═════ Extracted entries

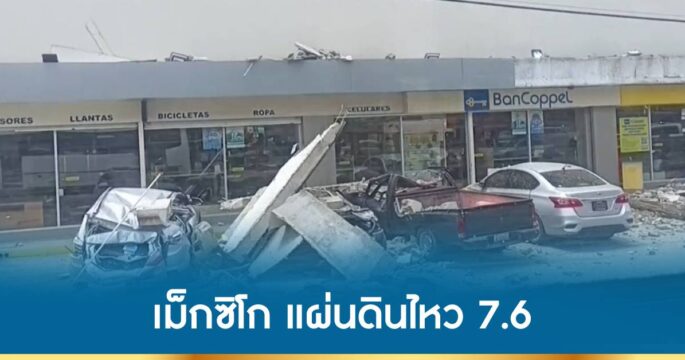 แผ่นดินไหวขนาด 7.6 เขย่าเม็กซิโก กำแพงห้างสรรพสินค้าแห่งหนึ่งพังถล่ม โรงพยาบาล 2 แห่งได้รับความเสียหาย มีผู้เสียชีวิตแล้ว 1 คน
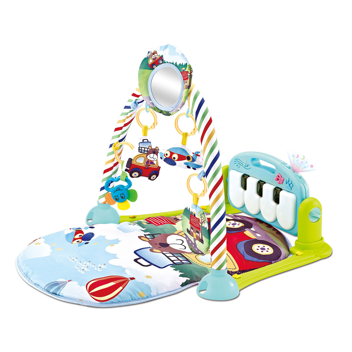 Εκπαιδευτικό γυμναστήριο από την εταιρία Kikka Boo σε γαλάζιο χρώμα με πολύχρωμες λεπτομέρειες και σχέδιο ζωάκια. Το μαλακό στρωματάκι στηρίζει απαλά το σώμα του παιδιού και είναι κατάλληλο για να ξαπλώνει το παιδί, να είναι μπρούμυτα ή να κάθεται. Με 4 κρεμαστά παιχνίδια και μεγάλο καθρεφτάκι που ενθαρρύνουν το μωρό να τα πιάσει και να αναπτύξει παίζοντας τις κινητικές του ικανότητες. Διαθέτει μουσικό πιανάκι με 2 μελωδίες που ξεκινούν μόλις πατήσει το μωρό κάποιο πλήκτρο. Έχει προτζέκτορα που συνδέεται μέσω Bluetooth για να παίξει το περιεχόμενο που εσείς επιλέγετε. Το πιανάκι αφαιρείται για να το έχετε παντού μαζί σας και λειτουργεί με 3 μπαταρίες AA (δεν περιλαμβάνονται). Κατάλληλο από την γέννηση.
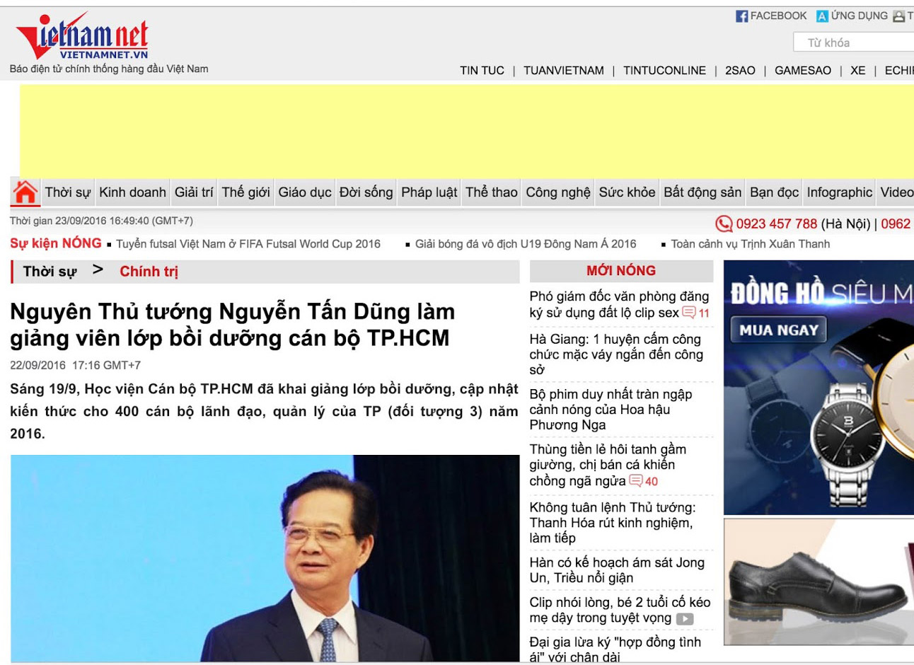 Trong bài báo có tựa đề "Nguyên Thủ tướng Nguyễn Tấn Dũng không dạy lớp cán bộ TP.HCM," tờ báo điện tử này dẫn lời giám đốc học viện Trần Hoàng Ngân cho biết, “Dù rất muốn mời nguyên Thủ tướng Nguyễn Tấn Dũng cùng tham gia giảng dạy tại trường tuy nhiên, do ông quá bận nên không thu xếp được lịch. Ông chỉ tham gia nói chuyện, chia sẻ kinh nghiệm trong các báo cáo chuyên đề của trường.”
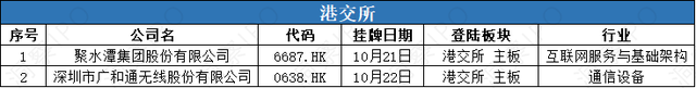 10月21日-10月27日,港交所主板有2家公司上市。
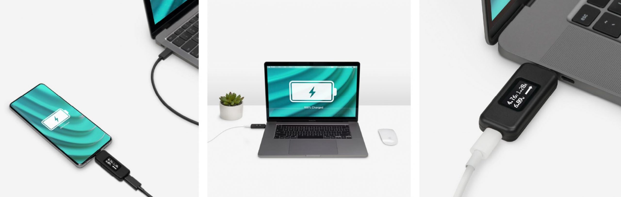 This is a new USB-C model that can measure DC volts (45.-50V), amps (50mA-6.5A) and watts to 240W EPR (extended power range). It works on all USBs from 1.0 (need a USB-A adapter) to USB-C 3.2 Gen 2. It will not work with Thunderbolt 3 or 4 ports but will work on the USB ports in any attached dock or dongle. Power-testing does not interfere with normal USB-C operation as it only taps into the power (VBUS) and ground connections to measure values and leaves the data lines untouched.
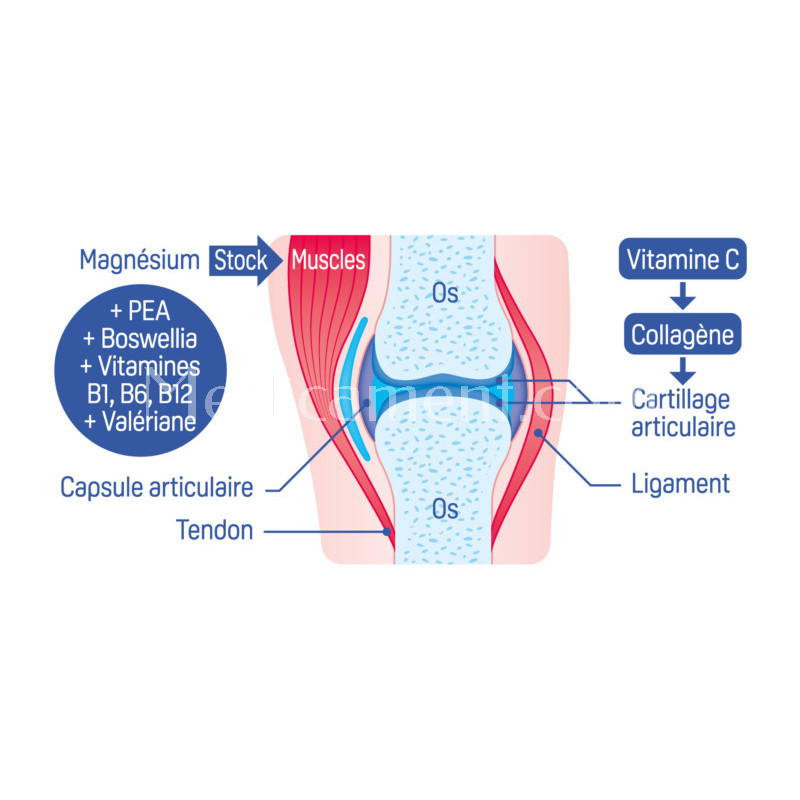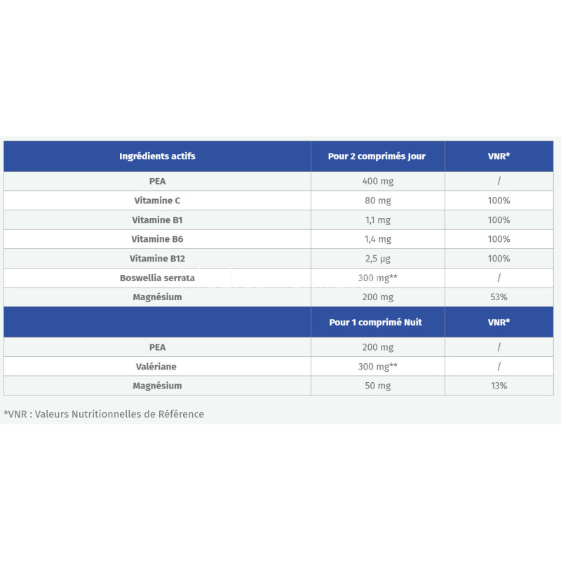 Ingrédients Comprimé JOUR : maltodextrine, hydroxyde de magnésium ; agent de charge : cellulose microcristalline ; palmitoylethanolamide (PEA) ; stabilisant : polyvinylpoly-pyrrolidone ; vitamine C ; extrait de Boswellia serrata (origine Asie) ; antiagglomérants : acide stéarique, sels de magnésium d’acides gras ; agents d’enrobage : hydroxypropylmethylcellulose, glycérine ; vitamines : B6, B1, B1222/08/2025
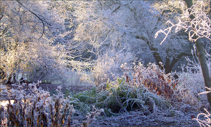 Ich finde dieses Bild ganz besonders schön, das Spiel mit Licht und Schatten und der Sonne auf den Rauhreifzweigen. Die Natur sieht aus wie verzaubert...

══════════

## What is being asked
Above are the records; print them all exactly and keep the pictures out.

## Solution to the exercise
 แผ่นดินไหวขนาด 7.6 เขย่าเม็กซิโก กำแพงห้างสรรพสินค้าแห่งหนึ่งพังถล่ม โรงพยาบาล 2 แห่งได้รับความเสียหาย มีผู้เสียชีวิตแล้ว 1 คน
 Εκπαιδευτικό γυμναστήριο από την εταιρία Kikka Boo σε γαλάζιο χρώμα με πολύχρωμες λεπτομέρειες και σχέδιο ζωάκια. Το μαλακό στρωματάκι στηρίζει απαλά το σώμα του παιδιού και είναι κατάλληλο για να ξαπλώνει το παιδί, να είναι μπρούμυτα ή να κάθεται. Με 4 κρεμαστά παιχνίδια και μεγάλο καθρεφτάκι που ενθαρρύνουν το μωρό να τα πιάσει και να αναπτύξει παίζοντας τις κινητικές του ικανότητες. Διαθέτει μουσικό πιανάκι με 2 μελωδίες που ξεκινούν μόλις πατήσει το μωρό κάποιο πλήκτρο. Έχει προτζέκτορα που συνδέεται μέσω Bluetooth για να παίξει το περιεχόμενο που εσείς επιλέγετε. Το πιανάκι αφαιρείται για να το έχετε παντού μαζί σας και λειτουργεί με 3 μπαταρίες AA (δεν περιλαμβάνονται). Κατάλληλο από την γέννηση.
 Trong bài báo có tựa đề "Nguyên Thủ tướng Nguyễn Tấn Dũng không dạy lớp cán bộ TP.HCM," tờ báo điện tử này dẫn lời giám đốc học viện Trần Hoàng Ngân cho biết, “Dù rất muốn mời nguyên Thủ tướng Nguyễn Tấn Dũng cùng tham gia giảng dạy tại trường tuy nhiên, do ông quá bận nên không thu xếp được lịch. Ông chỉ tham gia nói chuyện, chia sẻ kinh nghiệm trong các báo cáo chuyên đề của trường.”
 10月21日-10月27日,港交所主板有2家公司上市。
 This is a new USB-C model that can measure DC volts (45.-50V), amps (50mA-6.5A) and watts to 240W EPR (extended power range). It works on all USBs from 1.0 (need a USB-A adapter) to USB-C 3.2 Gen 2. It will not work with Thunderbolt 3 or 4 ports but will work on the USB ports in any attached dock or dongle. Power-testing does not interfere with normal USB-C operation as it only taps into the power (VBUS) and ground connections to measure values and leaves the data lines untouched.
 Ingrédients Comprimé JOUR : maltodextrine, hydroxyde de magnésium ; agent de charge : cellulose microcristalline ; palmitoylethanolamide (PEA) ; stabilisant : polyvinylpoly-pyrrolidone ; vitamine C ; extrait de Boswellia serrata (origine Asie) ; antiagglomérants : acide stéarique, sels de magnésium d’acides gras ; agents d’enrobage : hydroxypropylmethylcellulose, glycérine ; vitamines : B6, B1, B1222/08/2025
 Ich finde dieses Bild ganz besonders schön, das Spiel mit Licht und Schatten und der Sonne auf den Rauhreifzweigen. Die Natur sieht aus wie verzaubert...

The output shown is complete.